(Beginning of Records to process)
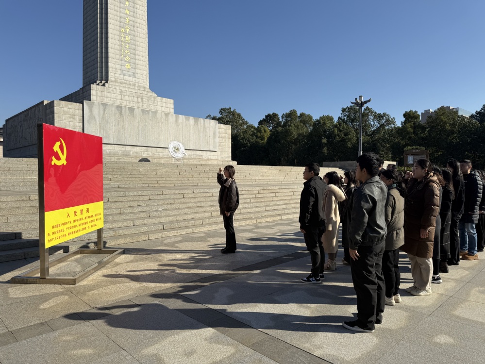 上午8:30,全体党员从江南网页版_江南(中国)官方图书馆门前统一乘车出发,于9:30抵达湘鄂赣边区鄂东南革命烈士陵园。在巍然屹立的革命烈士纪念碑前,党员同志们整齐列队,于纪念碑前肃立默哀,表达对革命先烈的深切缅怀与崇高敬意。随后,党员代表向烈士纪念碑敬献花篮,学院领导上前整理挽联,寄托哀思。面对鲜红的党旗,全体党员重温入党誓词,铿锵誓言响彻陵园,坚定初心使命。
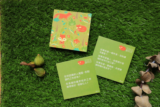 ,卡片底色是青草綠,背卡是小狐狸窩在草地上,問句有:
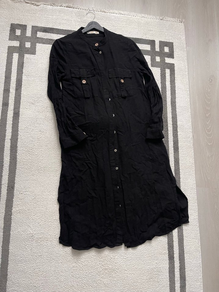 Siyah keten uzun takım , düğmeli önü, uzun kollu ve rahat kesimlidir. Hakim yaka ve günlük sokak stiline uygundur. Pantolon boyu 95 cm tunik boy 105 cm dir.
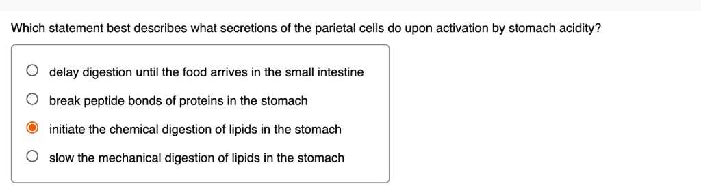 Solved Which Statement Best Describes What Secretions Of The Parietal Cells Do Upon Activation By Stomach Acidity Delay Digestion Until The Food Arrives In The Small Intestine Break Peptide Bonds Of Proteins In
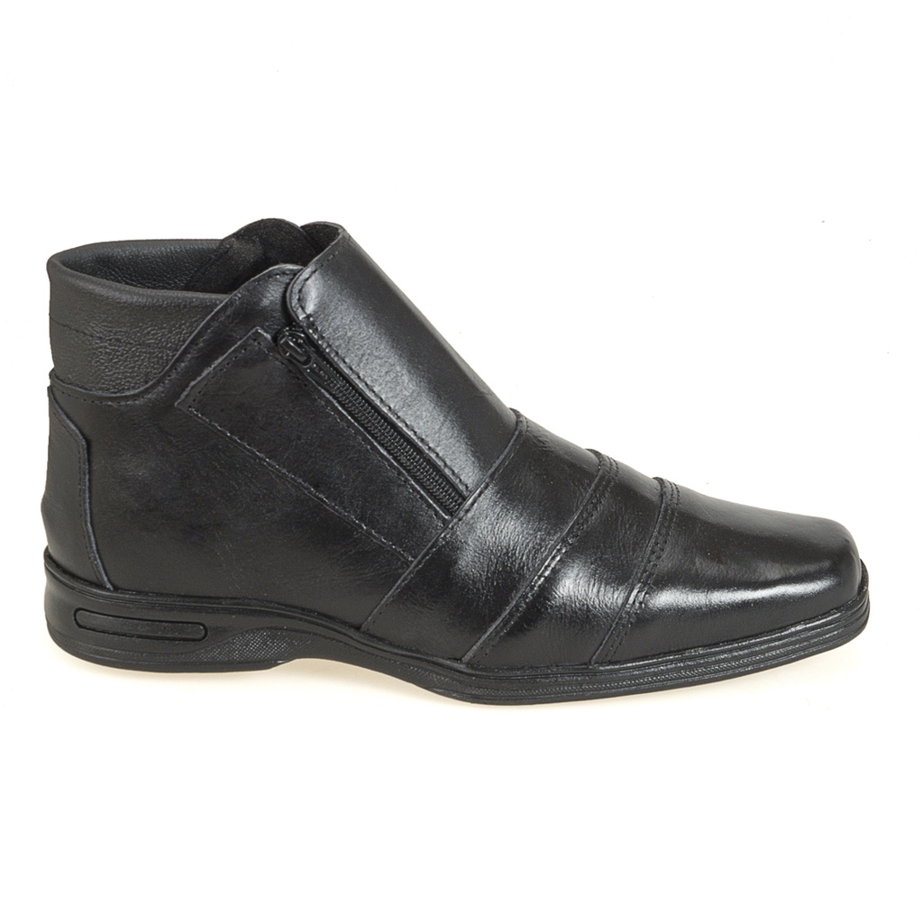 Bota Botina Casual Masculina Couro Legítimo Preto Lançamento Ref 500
(End of Records to process)
(Beginning of Records to process)
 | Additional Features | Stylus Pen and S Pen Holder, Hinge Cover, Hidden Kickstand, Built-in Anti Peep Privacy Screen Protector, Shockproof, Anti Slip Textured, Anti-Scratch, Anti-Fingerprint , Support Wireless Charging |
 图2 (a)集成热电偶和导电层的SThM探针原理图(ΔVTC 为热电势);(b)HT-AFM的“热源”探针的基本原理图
(End of Records to process)
Set down, exactly as written above, each line from the one with "Solved Which Statement" through the one with "Bota Botina Casual", and skip the pictures.

## Written answer
 Solved Which Statement Best Describes What Secretions Of The Parietal Cells Do Upon Activation By Stomach Acidity Delay Digestion Until The Food Arrives In The Small Intestine Break Peptide Bonds Of Proteins In
 Bota Botina Casual Masculina Couro Legítimo Preto Lançamento Ref 500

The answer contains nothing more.